PersonaCraft.AI

PersonaCraft.AI is a comprehensive machine learning platform that crawls, processes, and transforms digital content from various sources into high-quality instruction and preference datasets for training AI models. The system creates personalized AI training data by analyzing an individual's digital footprint across multiple platforms.

🚀 Features

Multi-Platform Data Crawling: Automated extraction from LinkedIn profiles, Medium articles, GitHub repositories, and custom web articles
Intelligent Data Processing: Advanced text cleaning, chunking, and embedding generation using sentence transformers
Dataset Generation: Creates both instruction-following and preference datasets using OpenAI GPT models
Model Fine-tuning: Supports both Supervised Fine-Tuning (SFT) and Direct Preference Optimization (DPO) training
MLOps Pipeline: Built with ZenML for reproducible machine learning workflows
Vector Database Integration: Qdrant for efficient similarity search and retrieval
Data Warehouse: MongoDB for structured data storage
Cloud Training: AWS SageMaker integration for scalable model training
Automated Publishing: Direct integration with Hugging Face Hub for dataset and model sharing

🏗️ Architecture

The system follows a modular, pipeline-based architecture:

Data Extraction Layer: Selenium-based crawlers for different platforms
Data Processing Layer: Text cleaning, chunking, and embedding generation
Feature Engineering: Vector database storage and retrieval augmented generation (RAG)
Dataset Generation: LLM-powered creation of training datasets
Model Training: SFT and DPO fine-tuning pipelines with cloud support
Publishing Layer: Automated dataset and model validation and publishing

🛠️ Tech Stack

Backend: Python 3.11, FastAPI
ML Pipeline: ZenML, LangChain
Data Storage: MongoDB, Qdrant Vector Database
ML Models: OpenAI GPT-4, Sentence Transformers, Llama 3.1
Training: TRL (Transformers Reinforcement Learning), Unsloth
Web Scraping: Selenium, BeautifulSoup4
Cloud Platform: AWS SageMaker
Containerization: Docker, Docker Compose
Package Management: Poetry
Monitoring: Comet ML, Opik

📦 Installation

Install dependencies:
- Partial installation (excluding AWS-related packages):
```
poetry install --without aws
```
- Full installation (all dependencies):
```
poetry install
```
Install Poe the Poet plugin (one-time per system):
```
poetry self add 'poethepoet[poetry_plugin]'
```
Test Poe with a sample task:
- Run the task:
```
poetry poe run-sample-hello
```
- Expected output:
```
hello poe is working
```

Using the Virtual Environment

Poetry 2.0+ does not enable poetry shell by default.
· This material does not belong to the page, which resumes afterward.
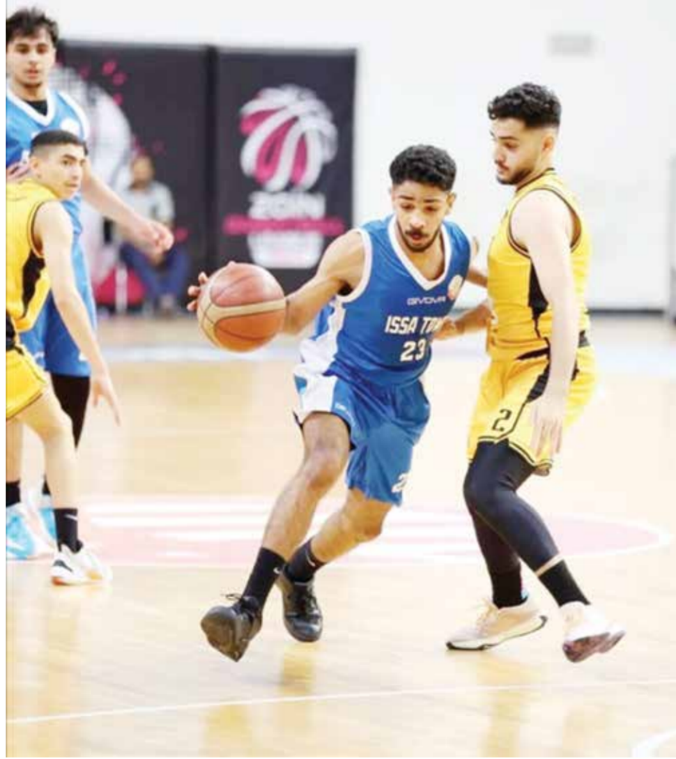
O لقطة من مباريات فئات السلة.

You can activate the virtual environment manually:

source $(poetry env info --path)/bin/activate

Once inside the activated environment, you can run Poe tasks directly with:

poe run-sample-hello

🚀 Quick Start

1. Start Infrastructure Services

# Start MongoDB and Qdrant databases
poetry poe local-infrastructure-up

2. Configure Environment

Set up your environment variables in .env file or export them:

export OPENAI_API_KEY="your_openai_api_key"
export HUGGINGFACE_ACCESS_TOKEN="your_hf_token"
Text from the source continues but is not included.